# first try at macro



## ajkramer87 (Mar 2, 2010)

Yesterday I got my raynox dcr-250. I bought the wife some flowers today just so I could take some pictures of them. The first one looks like it could be a little overexposed. The second one looks a bit soft but I'm not sure if its my eyes or not. CC please.
090 on Flickr - Photo Sharing!
red on Flickr - Photo Sharing!http://www.flickr.com/photos/46573959@N07/4401450161/


----------



## xstepone (Mar 2, 2010)

I actually really like the first one. I find that it being a little overexposed, makes the water droplets stand out 
The second one is nice too, but I like the first better.


----------



## Caffler (Mar 3, 2010)

roses make great subjects for macro photography, and a bit of over or under exposure usually doesn't detract, and they lend themselves to both hard and soft focus...
nice pics aj


----------



## ajkramer87 (Mar 3, 2010)

Thanks. I really like the bug shots that are on this forum which is why I bought the raynox to begin with. I would of never thought that the dof was that thin. I have a new appreciation for how hard these shots must be to get. I cant wait untill spring gets here so I can play more outside.


----------



## tomhooper (Mar 4, 2010)

I guess I'm in the minority.  I like the second shot better.  I agree that the first is a little too overexposed for my taste, but again that is my opinion.  The second could maybe use just a little more contrast but that is really the only critique I can find.  Very, very, good shots for a first attempt.  I must warn you, Macro is very addictive.  Before long you will have to join several of us in Macro Anonymous.


----------



## matfoster (Mar 4, 2010)

i like the second picture


----------



## ajkramer87 (Mar 4, 2010)

I had both printed in 8x10 since my wife couldnt decide which one she liked most. Origanally I liked the one with water drops but after print the second one is my favorite. I have to say that I will be addicted to macro. Its amazing the amount of detial that the human eye doesnt see. Im looking forward to this spring and summer.


----------



## tomhooper (Mar 4, 2010)

It can also get rather expensive.


----------



## ajkramer87 (Mar 4, 2010)

Haha I bet. I really wanted to get a macro lens but figured Id just get the raynox to see how I like it. Im all ready looking to get a lens now.
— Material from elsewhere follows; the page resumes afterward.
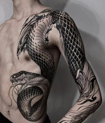 超炫的黑臂纹身,无锡刘潭纹身店带你领略不一样的魅力

There any books on macro worth getting?


----------



## tomhooper (Mar 4, 2010)

I'm sure there are some good ones but I subscribe to the 3P's.  Practice, practice, practice.  
You need a steady hand or tripod, good light, and try to stop the lens down as much as possible to increase DOF.  A good lens is important also but not as much as these other thoughts.  Those rules are simplistic, but if you master them, you'll get good images.


----------